Sonríe sin contenerse, se acerca de nuevo y pone sus manos en mi cintura, baja sus labios a los míos y me besa. Besarlo es flotar en una nube, cálido y dulce. Llevo mis manos a su rostro, acariciando sus mejillas suavemente. Nuestros labios se separan en un último y tierno beso antes de que sus ojos azules me dejen idiotizada.
—Adiós, preciosa —besa mi mejilla.
—Adiós, Michael.
[...]
Observo a la mujer detrás del mostrador como si fuera mi peor enemiga, pero sé que no lo es, así que me acerco y carraspeo hasta llamar su atención.
—Buenas tardes, ¿en qué puedo ayudarla?
—Vengo a ver a un paciente —trago—. Rodrigo Allen, está en custodia aquí, por emergencia.
Ella arquea la ceja y no paso por alto su mirada despectiva.
—Solo puede entrar personal autorizado —informa con recelo—. ¿Tiene usted algún parentesco con él?
—Soy su hija —acepto, sin penas ni ataduras.
—Bien —dice—. En la entrada hay un oficial de policía, dígale la información y él le permitirá el ingreso.
Asentí, ignorando la forma penosa en la que me miraba, tragué con fuerza y me negué a sentirme mal por eso. Solo yo sabía lo que se sentía vivir con esto, por lo que no le doy importancia.

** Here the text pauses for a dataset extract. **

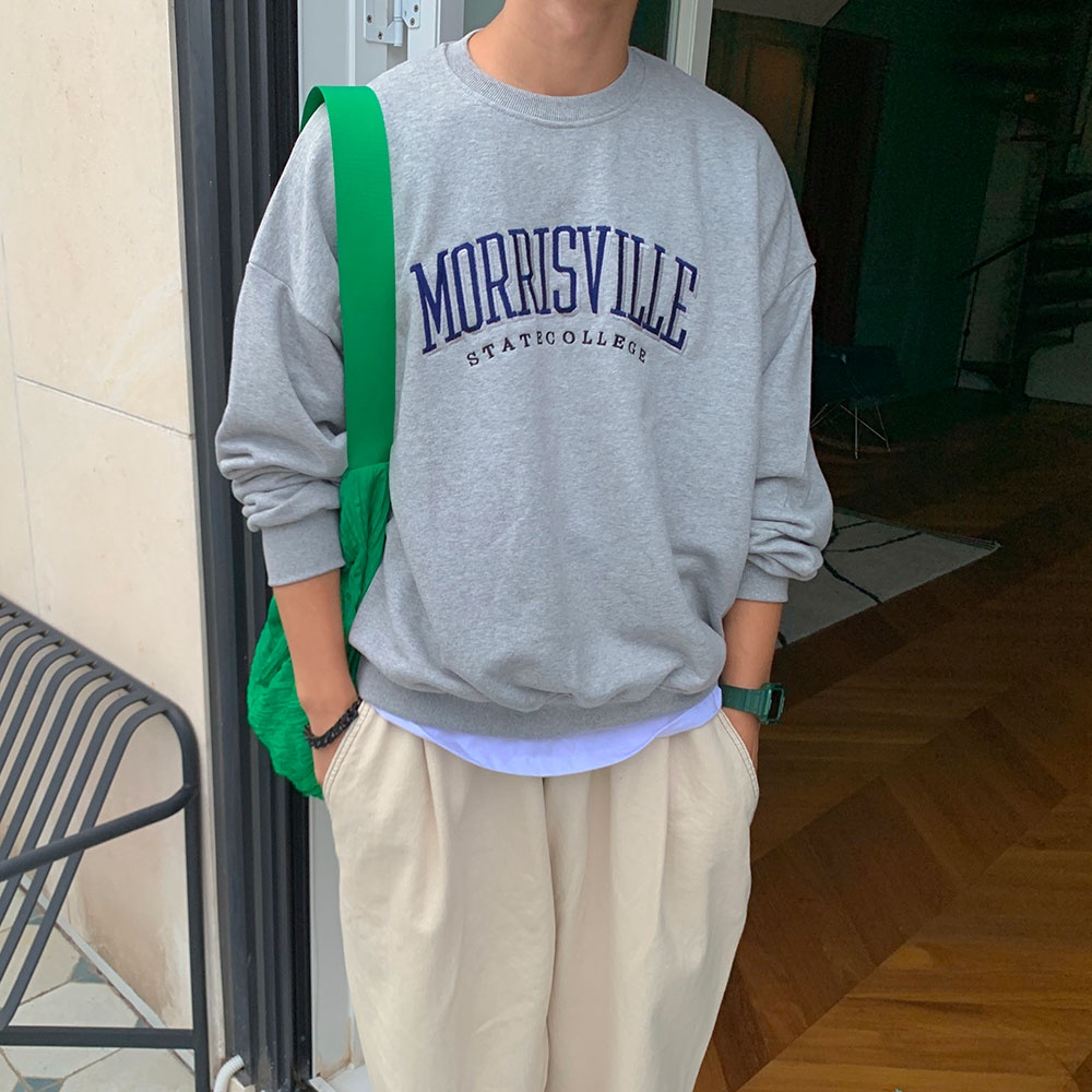 QIAO 韓國新貨 內刷毛 北卡MORRISVILLE 殘影電繡 寬鬆大學T 落肩 高磅 保暖 長袖 T恤 正韓 帥
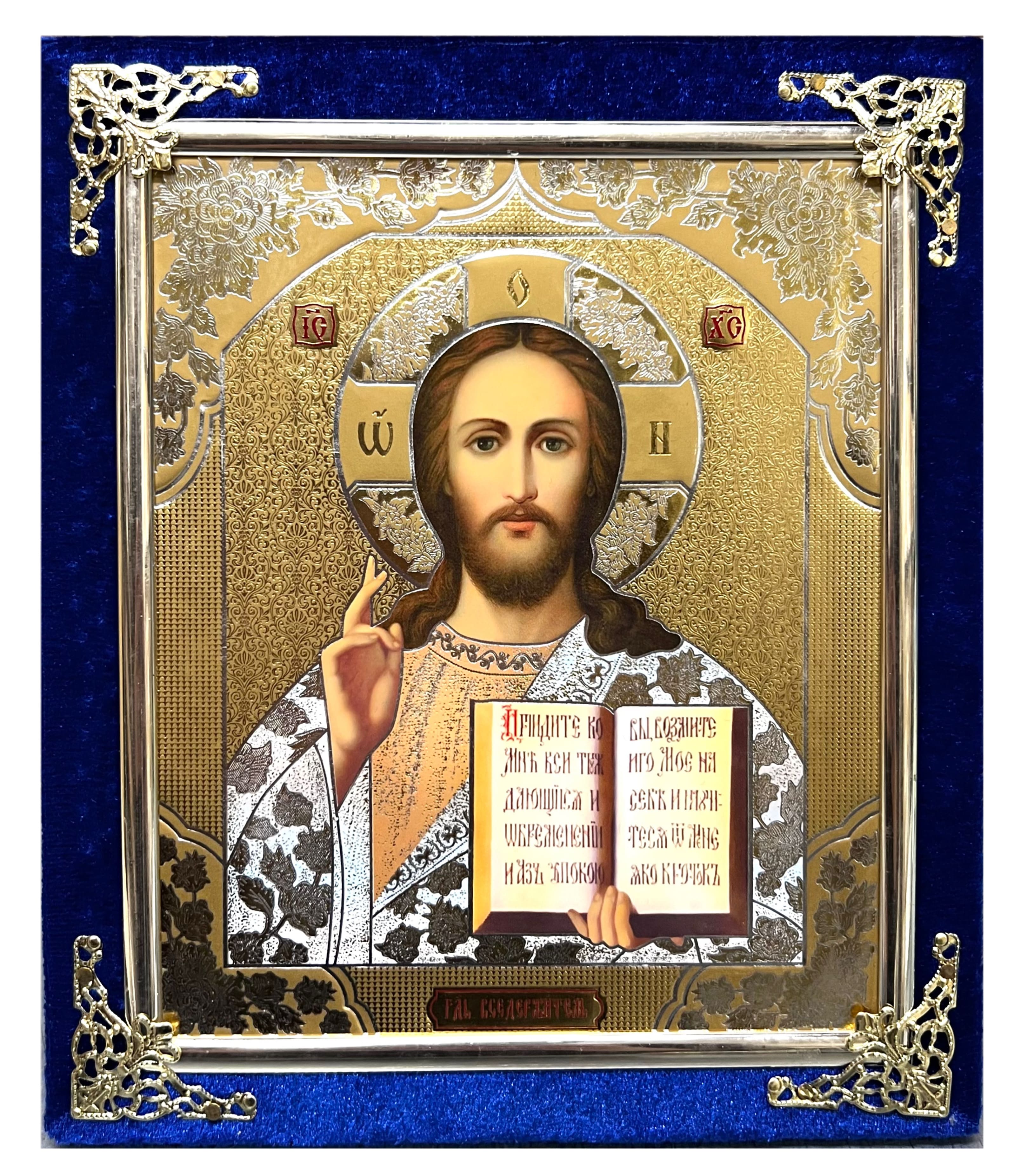 Ikona v sametu 15×18 cm Spasitel (modrá)

El oficial no pone problema en cuanto me ve, simplemente asiente y me hace una requisa rápida. Me dice que me tome el tiempo que necesite, solo debo dejar mi bolso con él. Accedo, después de todo, solamente vengo a ver mi padre.
Abro y cierro los puños sin saber que voy a encontrarme al otro lado de la puerta, tomo una lenta respiración e ingreso a la habitación sin más demoras. Y ahí estaba él, acostado en una camilla, con una bata azul y una vía intravenosa. Su cabello seguía tan castaño como siempre, parece que nunca le saldrán canas, ni siquiera parece de cincuenta años, cualquiera pensaría que tiene como treinta y tantos.
Verlo en una camilla de hospital es lo peor de la vida, porque, aunque sé que está bien, me desgarra el alma. Aleja sus ojos del televisor en dónde pasan las noticias y se concentra en mí. Ah, ahí está mirada. Esos ojos iguales a los míos y a los de Noah. Me sonríe y me siento mejor, porque hace tanto que no lo veía sonreír.
—Hola, cariño —dice.
—Hola, papá —saludo de vuelta. Me acerco a la camilla y arrastro la silla para sentarme cerca de él—. ¿Cómo te sientes?
—Bastante mejor —suspira—. Ya sabes, la edad es compleja.
—No me lo imagino —suelto una risita.
Él me tiende la mano y la observo por más tiempo del necesario, trago el nudo en mi garganta y la acepto. Suelto un suspiro tembloroso, muerdo mi labio para no echarme a llorar ahí mismo.
—¿Por qué no me dejas ir a verte? —susurro, sin poder retener esa pregunta por mucho tiempo más.
—Maydeline Isabel, ya hemos hablado de esto —me reprende, yo hago un puchero—. No quiero que tengas más cargas de las que ya tienes. Suficiente tienes con criar a mi hijo, no quiero que te preocupes por un criminal también.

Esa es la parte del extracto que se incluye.